The longer way

One of the most exciting things about travelling is travelling. The very process of transition, moving from point A to point Z. This is probably the only disadvantage of TARDIS: by default it doesn’t give you a sense of time and space (paradoxically!), nor a proper aerial view from the window because of the vortex jump…

Just a while ago I was talking to someone about people cycling, riding a donkey/horse or even walking by foot around the world. Imagine how different this perspective must be – when you are the only one controlling your time and space, your distances and your schedules.

As for me, I don’t really control my legs well to give this thing a try.

But stepping on the road – especially a historical one like the Silk route or Camino de Santiago – and taking it slow means that you are ready for the epic experience of following someone’s steps, retracing someone’s way through time and space. Marco Polo is far ahead and you need to catch up with him to listen to his stories. You lose so many stories if you decide to fly from Europe to China instead.

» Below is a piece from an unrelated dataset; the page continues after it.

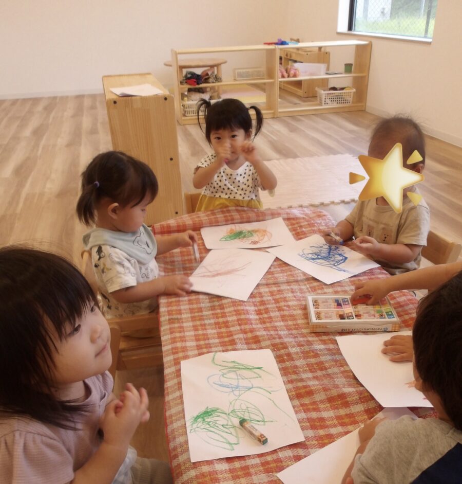お絵描きのお部屋では、好きな色のクレヨンを自分で選び思い思いにお絵描きをする姿が見られましたよ🖍️

You miss the riches of Constantinople, breathtaking (literally) deserts of Middle East, plains and lush green steppes, snowy mountain tops and blue eyes of lakes, looking up from the Earth to the skies.

When I was small, aged 3-6, my parents used to take me and my cousin along with them on camping trips with their student buddies. Of course, they had a lot of interesting stuff to do instead of nannying us. So they normally gave us a pack of playing cards and left me and several other kids to entertain ourselves. There, on the shores of the Black sea, we passed the whole school of ‘preferance’ and other card games and gradually became high-class cheaters. Since then, every train journey to the South (20hrs +) we spent playing our parents in card games. I loved trains. This tuh-tuh, tuh-tuh sound of the wheels, the feet sticking from the top bunk beds into the corridor (looks a bit like a morgue at night but well…), the classy metal glass-holders and steaming tea from ‘provodnitsa’ (the coach attendant), drunk students playing guitar, huge men making terrifying sounds with their lungs and vocal chords in their sleep, same huge men falling from top bunk beds into the corridor…

Russian long-distance trains are full of stories.

I never tried boats though, until I started going abroad. The most memorable ones were, of course, in the Philippines. Instead of reading out safety instructions before departure, they pray. On loudspeakers. For 20 minutes non-stop. Twice a day. Basically, if the ship starts sinking – you gotta pray. No other way to save yourself.

My longest sea crossing is still awaiting me in the future.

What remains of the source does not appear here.